Work order - Give back exactly the lines of the entries below from the line with "APC1 CURVED TOP" to the line with "S999純銀指輪卸売り軽豪華高級感連理枝カップル口対戒小清新ins指輪女", inclusive, and only those.

Given records -
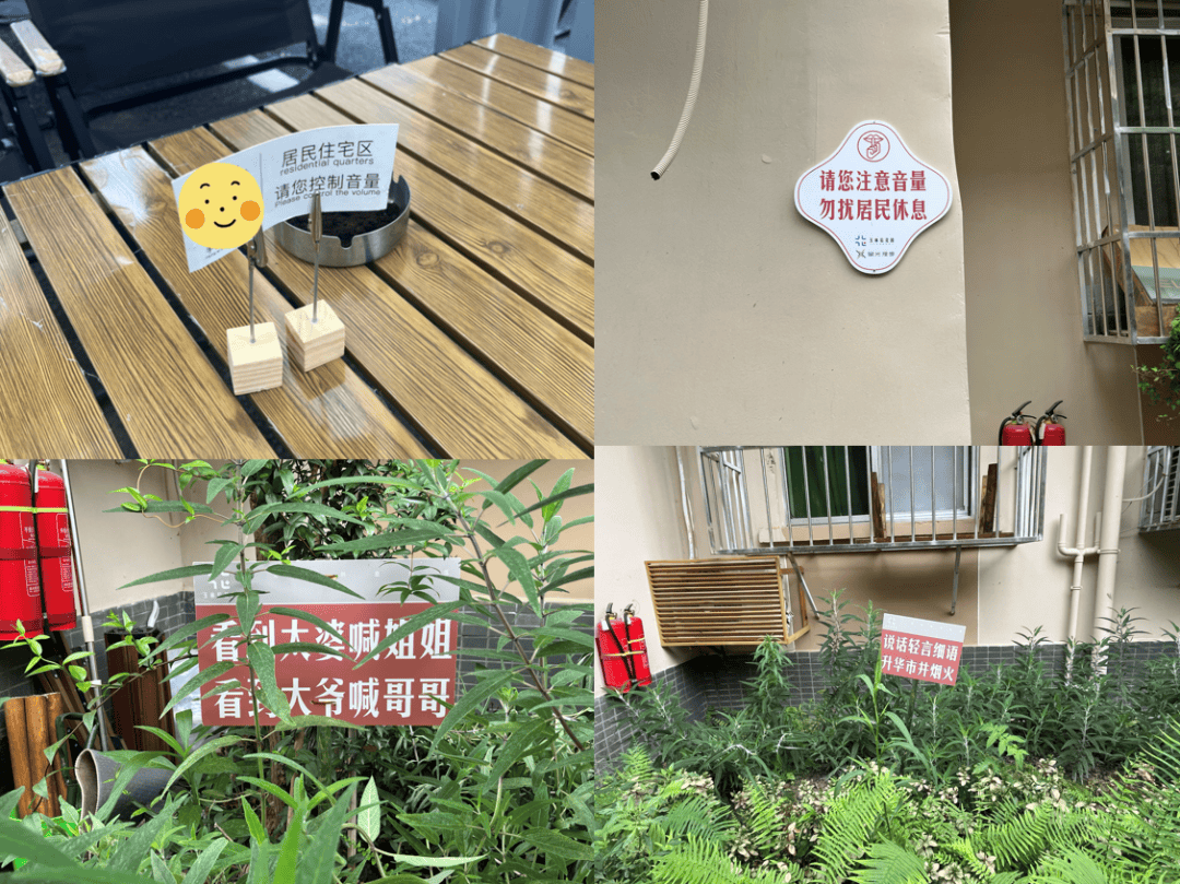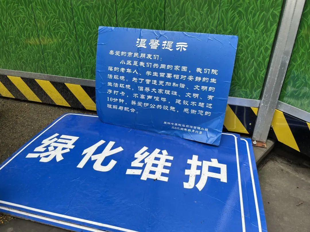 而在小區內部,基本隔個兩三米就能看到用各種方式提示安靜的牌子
--
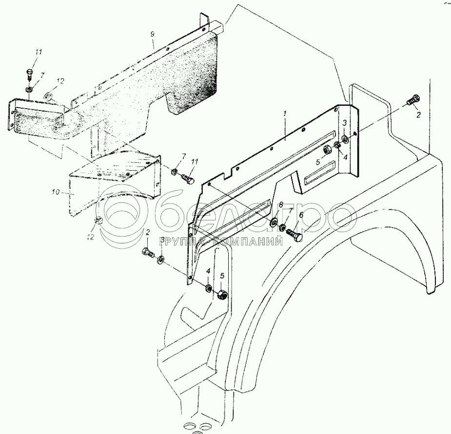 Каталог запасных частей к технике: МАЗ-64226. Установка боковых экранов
...
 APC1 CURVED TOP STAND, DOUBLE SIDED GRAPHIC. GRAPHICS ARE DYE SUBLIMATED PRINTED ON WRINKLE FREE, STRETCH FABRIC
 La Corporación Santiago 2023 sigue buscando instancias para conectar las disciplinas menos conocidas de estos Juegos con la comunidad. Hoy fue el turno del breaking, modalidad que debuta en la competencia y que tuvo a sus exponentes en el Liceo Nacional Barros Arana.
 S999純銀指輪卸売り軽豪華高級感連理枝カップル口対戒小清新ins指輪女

Solved problem -
 APC1 CURVED TOP STAND, DOUBLE SIDED GRAPHIC. GRAPHICS ARE DYE SUBLIMATED PRINTED ON WRINKLE FREE, STRETCH FABRIC
 La Corporación Santiago 2023 sigue buscando instancias para conectar las disciplinas menos conocidas de estos Juegos con la comunidad. Hoy fue el turno del breaking, modalidad que debuta en la competencia y que tuvo a sus exponentes en el Liceo Nacional Barros Arana.
 S999純銀指輪卸売り軽豪華高級感連理枝カップル口対戒小清新ins指輪女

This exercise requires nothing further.